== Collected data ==
____________
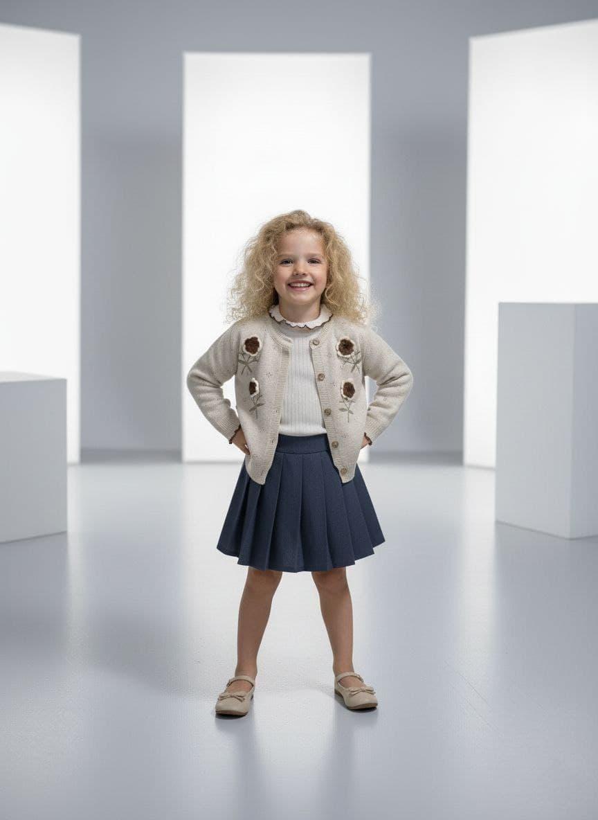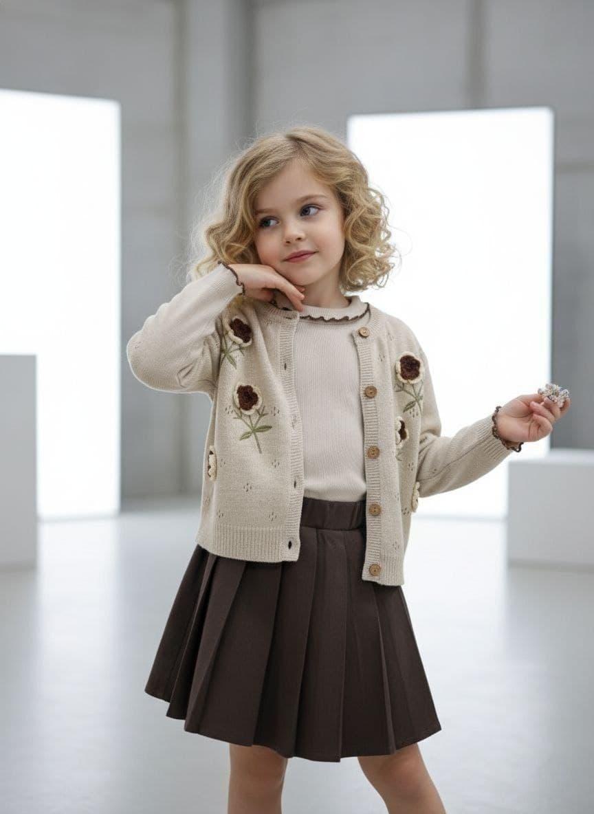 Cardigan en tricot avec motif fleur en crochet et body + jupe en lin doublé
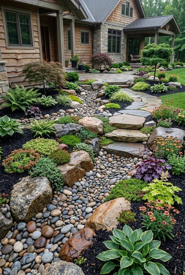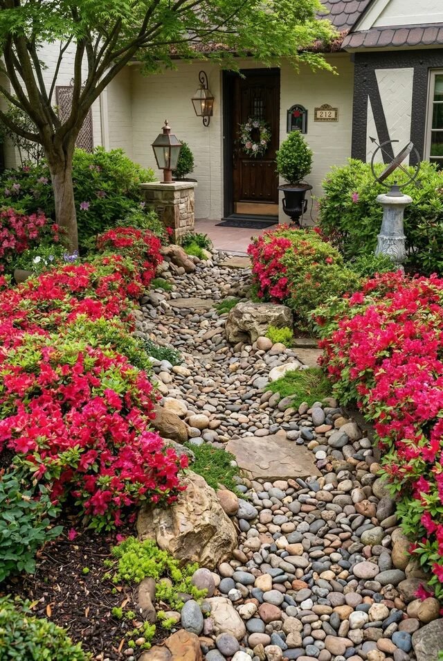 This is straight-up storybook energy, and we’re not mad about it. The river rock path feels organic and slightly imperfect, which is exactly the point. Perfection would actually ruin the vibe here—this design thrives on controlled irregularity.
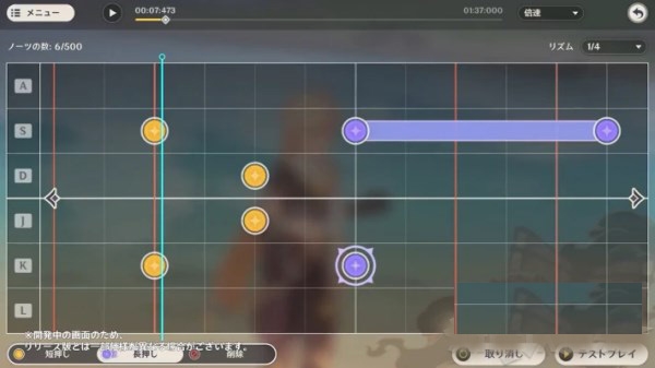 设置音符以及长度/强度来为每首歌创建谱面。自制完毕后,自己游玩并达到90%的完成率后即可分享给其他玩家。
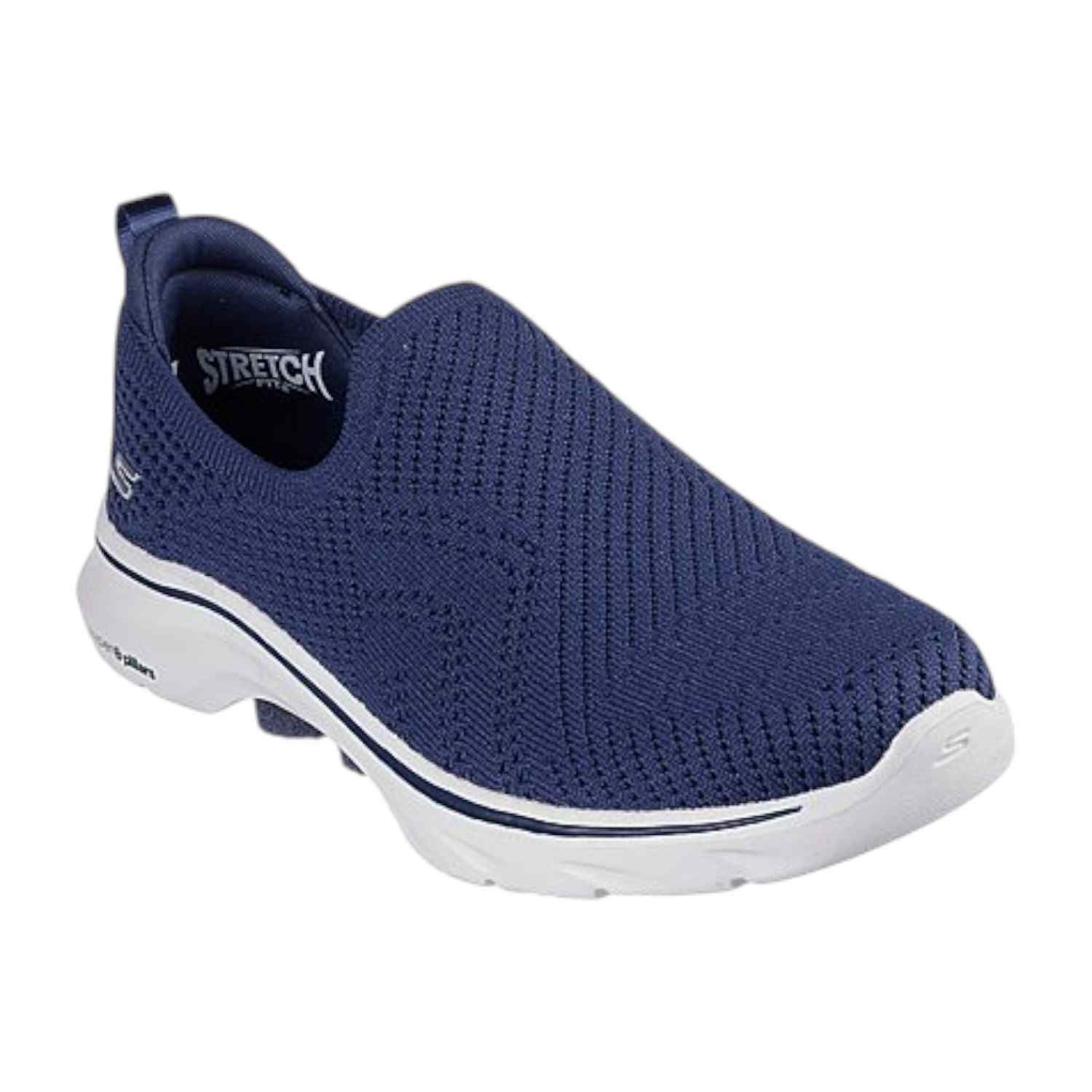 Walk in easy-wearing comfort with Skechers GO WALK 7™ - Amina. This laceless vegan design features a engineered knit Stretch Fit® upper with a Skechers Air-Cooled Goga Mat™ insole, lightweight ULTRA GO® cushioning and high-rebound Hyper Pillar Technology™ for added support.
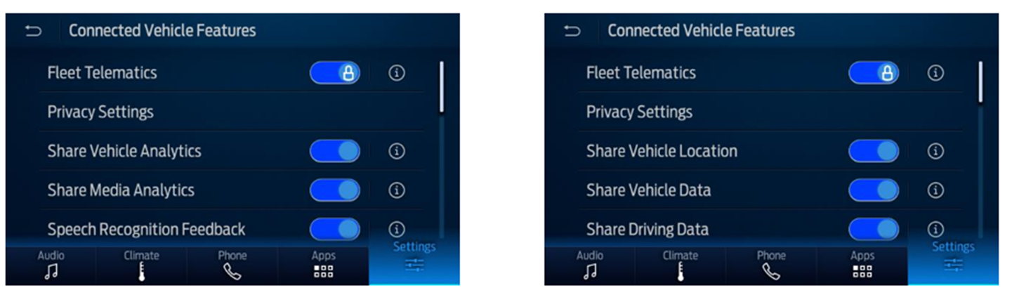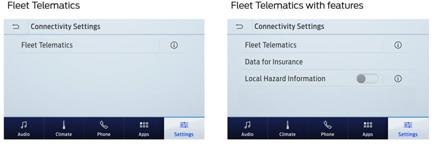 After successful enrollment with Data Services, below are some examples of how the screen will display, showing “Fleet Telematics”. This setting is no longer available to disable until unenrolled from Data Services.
____________
== Problem details ==
Return exactly the lines from the one containing "This is straight-up" through the end of the records, leaving out every picture.

== Exercise solution ==
 This is straight-up storybook energy, and we’re not mad about it. The river rock path feels organic and slightly imperfect, which is exactly the point. Perfection would actually ruin the vibe here—this design thrives on controlled irregularity.
 设置音符以及长度/强度来为每首歌创建谱面。自制完毕后,自己游玩并达到90%的完成率后即可分享给其他玩家。
 Walk in easy-wearing comfort with Skechers GO WALK 7™ - Amina. This laceless vegan design features a engineered knit Stretch Fit® upper with a Skechers Air-Cooled Goga Mat™ insole, lightweight ULTRA GO® cushioning and high-rebound Hyper Pillar Technology™ for added support.
 After successful enrollment with Data Services, below are some examples of how the screen will display, showing “Fleet Telematics”. This setting is no longer available to disable until unenrolled from Data Services.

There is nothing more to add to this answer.